A short life of the author
Ignazio Silone (born Secondino Tranquilli, 1 May 1900 – 22 August 1978) was an Italian novelist, essayist, and political figure whose fiction about the impoverished peasants of the Abruzzi mountains was among the most powerful anti-Fascist literature produced in Europe during the 1930s and who became, in exile, one of the most celebrated Italian writers in the world — better known abroad, during the Fascist period, than any Italian writer except perhaps Pirandello. His reputation has since been complicated by the revelation, after his death, that he served as an informer for the Italian Fascist secret police (OVRA) during the very years when he was publicly denouncing Fascism and building his career as its literary opponent.
Early Life and Communism
Silone was born in Pescina, a small town in the Abruzzi region of central Italy, into a peasant family. His mother and several siblings were killed in the devastating Avezzano earthquake of 1915 — a trauma that pervades his fiction. He became politically active as a teenager, joined the Italian Socialist Party, and was a co-founder of the Italian Communist Party (PCI) at the Congress of Livorno in 1921. He worked as a Communist organiser and journalist through the 1920s, travelling to Moscow, Berlin, and Spain.
In 1930, Silone broke with the Communist Party — disillusioned, he later wrote, by its authoritarianism, its subordination to Moscow, and its betrayal of the workers and peasants it claimed to represent. His essay “Emergency Exit” (Uscita di sicurezza, 1965), which describes his disillusionment, is one of the finest accounts of leaving the Communist movement, comparable to Koestler’s Darkness at Noon and the essays in The God That Failed.
Fontamara (1933)
Written in exile in Switzerland, Silone’s first novel tells the story of a village of desperately poor peasants in the Abruzzi who are systematically cheated, exploited, and brutalized by the Fascist authorities and the local landowners. The narrative is told by three peasant narrators whose simplicity and bewilderment in the face of injustice are simultaneously comic and devastating. The novel’s final question — “Che fare?” (“What is to be done?”) — echoes Lenin but is asked with a genuine anguish that transcends political sloganeering.
Fontamara was translated into twenty-seven languages and made Silone internationally famous. It could not be published in Italy until after the fall of Fascism.
Bread and Wine (1936)
Silone’s finest novel follows Pietro Spina, a Communist revolutionary who returns secretly to Fascist Italy disguised as a priest and discovers that the peasants he wants to liberate are more concerned with survival than with revolution, and that the Church he despises may contain more genuine compassion than the Party he serves. The novel’s great achievement is its refusal to simplify: Spina’s revolutionary idealism, the peasants’ fatalism, the Church’s mixture of corruption and consolation, and the Fascist state’s casual brutality are all rendered with equal honesty.

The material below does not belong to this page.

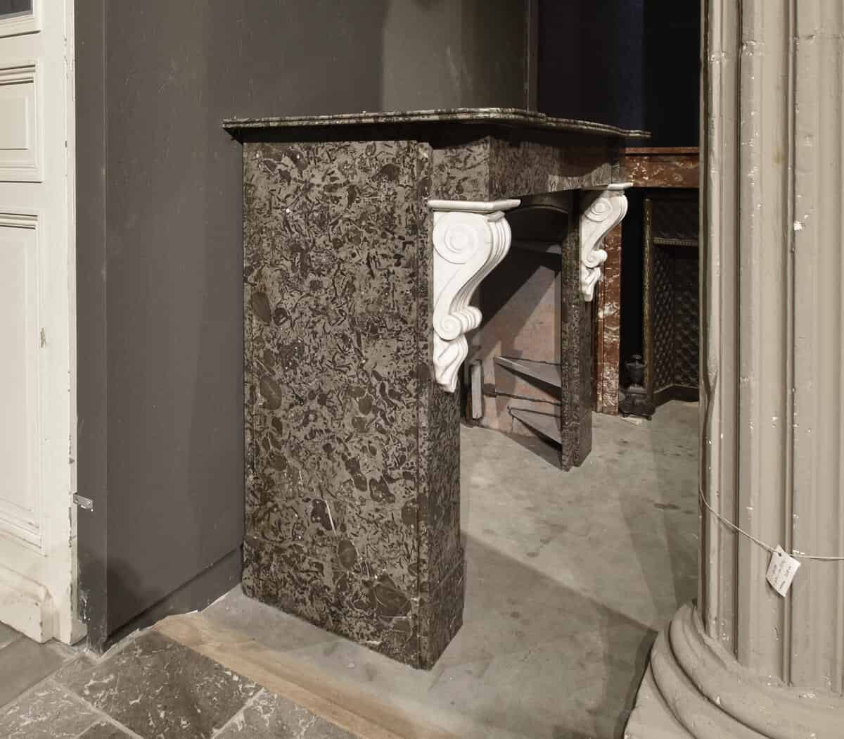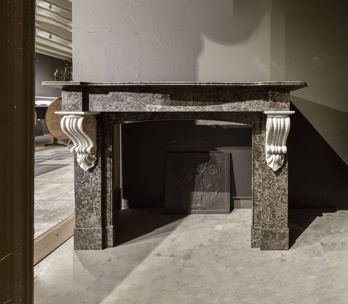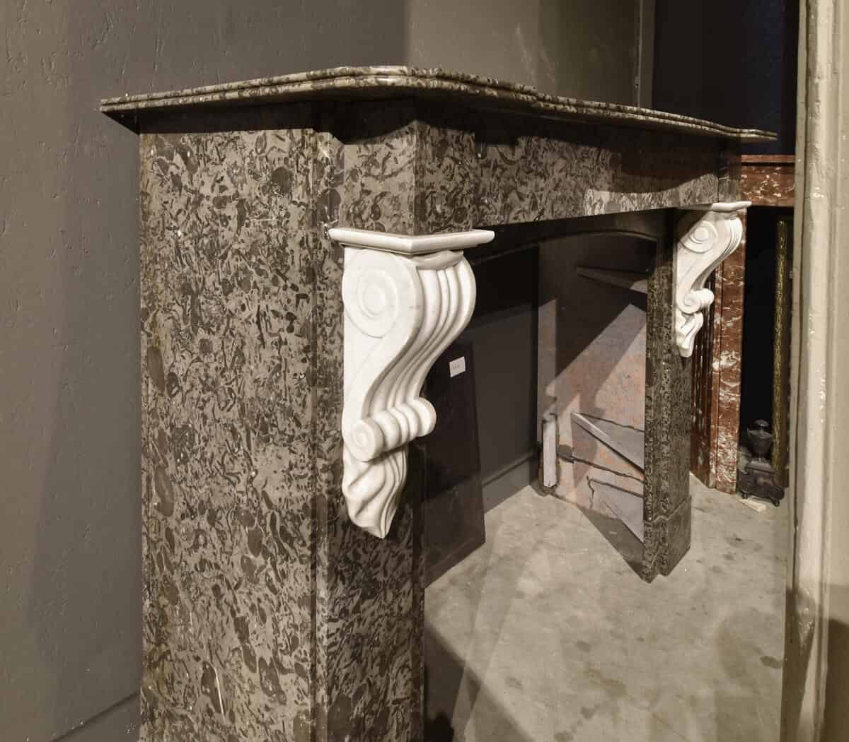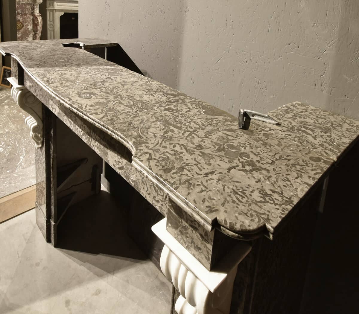 Deze antieke marmeren schouw is volledig schoongemaakt en voor gemonteerd in eigen atelier door ervaren restaurateurs. De meeste antiek marmeren schouwen bestaan namelijk uit diverse losse onderdelen. Deze worden opgebouwd tot 2 complete staanders, het blad en een paar losse delen, zodat het plaatsen van de schouw door de aannemer of schouwbouwer correct en vooral veel sneller kan gebeuren.
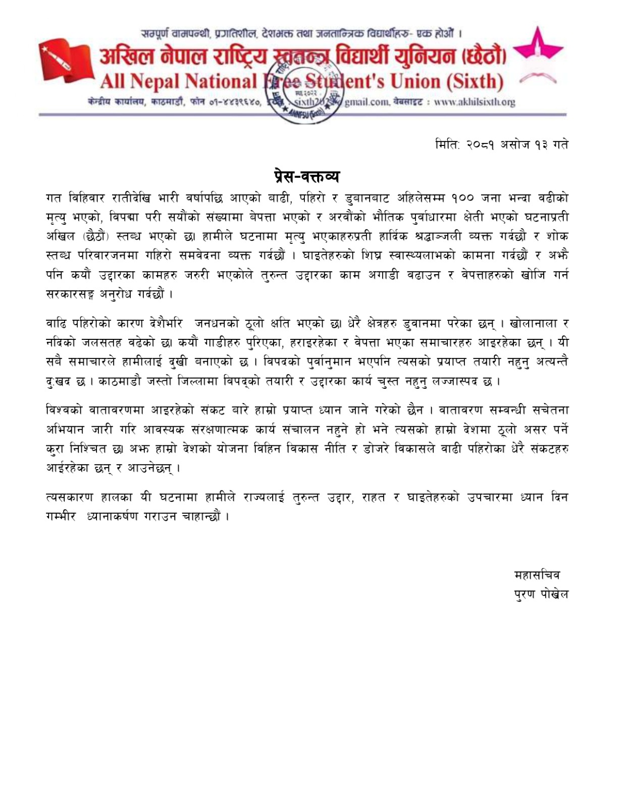 त्यस्तै संगठनका महासचिव पुरण पोख्रेलले गत बिहीबार रातिदेखि भारी वर्षापछि आएको बाढी, पहिरो र डुबानबाट भएको मानवीय क्षति र भौतिक पूर्वाधारमा भएको क्षेति र घटनाप्रति अखिल (छठौं) स्तब्ध भएको बताए । उनले विपद्को पूर्वानुमान भएपनि त्यसको पर्याप्त तयारी नहुनु अत्यन्तै दुःखद् भएको बताउँदै काठमाडौं जस्तो जिल्लामा विपद्को तयारी र उद्दार कार्य चुस्त नहुनु दुखद भएको बताए । जलवायु परिवर्तनको असरले विश्वको वातावरणमा आइरहेको संकटबारे हाम्रो प्रयाप्त ध्यान नजानु र यसबारे सरकारकाे सचेतना अभियान नचालिनु पनि दुखद भएको उनेले बताए । साथै उनले यो प्राकृतिक विपत्तिमा राहत तथा उद्दार कार्यमा खट्न देशभरका आफ्ना संगठन लाग्ने बताए ।

Silone revised the novel extensively in 1955 (published as Vino e pane), and the revised version is generally considered superior. Both versions are masterpieces of political fiction.
Later Novels
The Seed Beneath the Snow (1942) continues the story of Pietro Spina. A Handful of Blackberries (1952) and The Secret of Luca (1956) are quieter, more contemplative works about moral choice and community. The Fox and the Camellias (1960) is a Cold War novel. All are set in the Abruzzi, and all are concerned with the tension between individual conscience and collective ideology.
The OVRA Revelation
In 1996, historians working in Italian archives discovered documents indicating that Silone had served as an informer for OVRA (the Fascist secret police) in the late 1920s and possibly into the early 1930s — providing information about Communist Party activities and personnel. The revelations were explosive. Silone’s defenders argued that the documents might have been fabricated, that his informing was limited and reluctant, or that he was acting as a double agent. His critics argued that he had betrayed his comrades while publicly posing as a hero of the anti-Fascist resistance.
The debate has not been resolved, and Silone’s reputation in Italy remains deeply contested. Outside Italy, he is still read primarily as the author of Fontamara and Bread and Wine, and the OVRA controversy, while troubling, has not destroyed the literary value of his novels.
Collecting Silone
Fontamara (1933, German-language first edition published in Zurich) is the rarest and most desirable Silone title. The first Italian edition (1945, post-liberation) is also sought. English translations by various publishers are affordable. Bread and Wine (1937, Harper) in first American edition is collectible.